I use both 90 lb rail and 125 lb rail, I nest a 90 lb upside down between two 125 lb rails, back and forth like that. I just cut slots in the web of the rail and offset the slots so the rail hangs like stated above. It all slides in on two peices on 3/8" angle iron.


----------



## Big Dog D (Oct 1, 2005)

Quote by ScottR

"Not rocket science by any means. The collective experience of all of those on this site will far out engineer the guy from Fisher that was tasked with coming up with a simple spread sheet and a few formulas."




Scott,

My money is with the guys from Fisher, not the guy recommending 1000lbs in the back of a 3/4 ton pickup with a 717lb. plow!!!!


----------



## Mick (May 19, 2001)

Big Dog D said:


> not the guy recommending 1000lbs in the back of a 3/4 ton pickup with a 717lb. plow!!!!

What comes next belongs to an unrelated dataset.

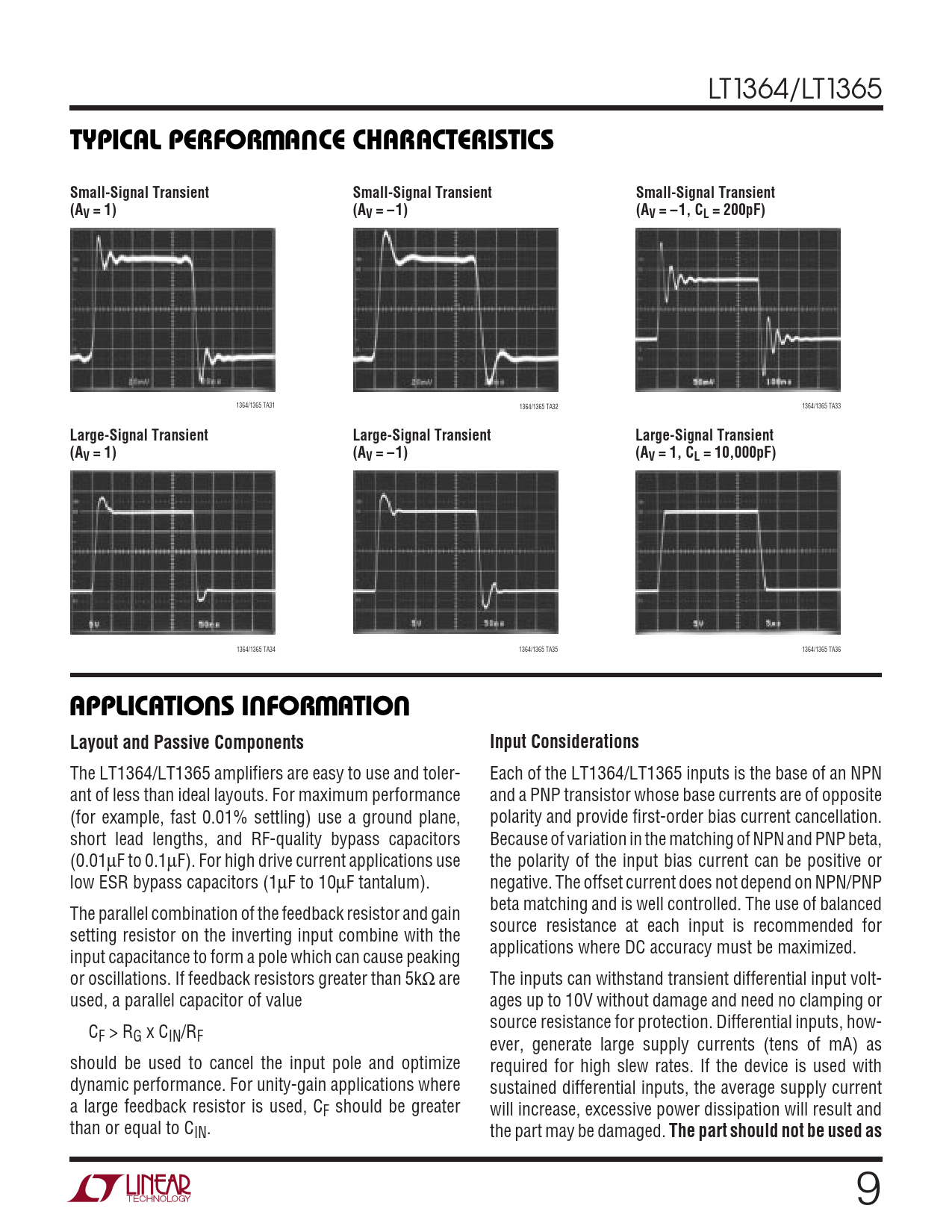 LT1364/LT1365 WUTYPICAL PERFORMANCE CHARACTERISTICSSmall-Signal TransientSmall-Signal TransientSmall-Signal Transient(AV = 1)(AV = –1)(AV = –1, CL = 200pF) 1364/1365 TA31 1364/1365 TA32 1364/1365 TA33 Large-Signal TransientLarge-Signal TransientLarge-Signal Transient(A(A(AV = 1)V = – 1)V = 1, CL = 10,000pF) 1364/1365 TA34 1364/1365 TA35 1364/1365 TA36 UUWUAPPLICATIONS INFORMATIONLayout and Passive ComponentsInput Considerations The LT1364/LT1365 amplifiers are easy to use and toler- Each of the LT1364/LT1365 inputs is the base of an NPN ant of less than ideal layouts. For maximum performance and a PNP transistor whose base currents are of opposite (for example, fast 0.01% settling) use a ground plane, polarity and provide first-order bias current cancellation. short lead lengths, and RF-quality bypass capacitors Because of variation in the matching of NPN and PNP beta, (0.01µF to 0.1µF). For high drive current applications use the polarity of the input bias current can be positive or low ESR bypass capacitors (1µF to 10µF tantalum). negative. The offset current does not depend on NPN/PNP beta matching and is well controlled. The use of balanced The parallel combination of the feedback resistor and gain source resistance at each input is recommended for setting resistor on the inverting input combine with the applications where DC accuracy must be maximized. input capacitance to form a pole which can cause peaking or oscillations. If feedback resistors greater than 5kΩ are The inputs can withstand transient differential input volt- used, a parallel capacitor of value ages up to 10V without damage and need no clamping or source resistance for protection. Differential inputs, how- CF > RG x CIN/RF ever, generate large supply currents (tens of mA) as should be used to cancel the input pole and optimize required for high slew rates. If the device is used with dynamic performance. For unity-gain applications where sustained differential inputs, the average supply current a large feedback resistor is used, CF should be greater will increase, excessive power dissipation will result and than or equal to CIN. the part may be damaged. The part should not be used as 9

Not sure what you were looking at, but Chris recommended 1000# of ballast for a 3/4 ton or one ton with a 900 - 1000# plow. I'd say he was close. I use a Vbox loaded with sand/salt for ballast against a 9' Fisher.

But, if you want to get a definitive answer, go here and "fill in the blanks": http://www.fisherplows.com/ematch.asp


----------



## Mark Oomkes (Dec 10, 2000)

The subject of ballast sure gets interesting. LMAO.

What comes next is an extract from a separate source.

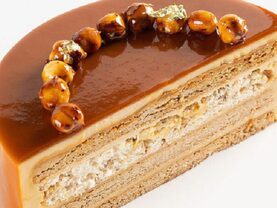 и блестящая карамельная глазурь. Нежный заварной крем с карамельными нотками

My $.02. DetroitDan, it doesn't matter what size truck you are driving, how many tires it has or anything else. It is a simple matter of physics, which are laws of nature that cannot be changed on this planet. The placement of load in front, over, behind the wheels does matter on any size truck, the only difference is in the amount of weight we are talking about. 

You might want to get the front and rear axle of your truck weighed without a plow or mount and see what the weight distribution is, I bet somewhere in the 60\40-70\30 range depending on configuration, but probably closer to the 60\40. Now add a 500# weight about 2-3 feet in front of the fulcrumm (axle). I'm not an engineer but I do know that your 500# plow is probably closer to 700 or 800#'s now. Where is that going to put the ratio? 80/20? This will work the same way in the back if you put the ballast behind the wheels, you will need less weight because it is behind the fulcrum (axle). 

I personally would go with the 1000#'s on anything with a decent size plow, better to be a little heavier in the rear which is lighter than the front end out of the factory. If you are worried about an extra 500#'s wearing out your rear brakes, springs, and using more fuel, you might want to find a new profession. 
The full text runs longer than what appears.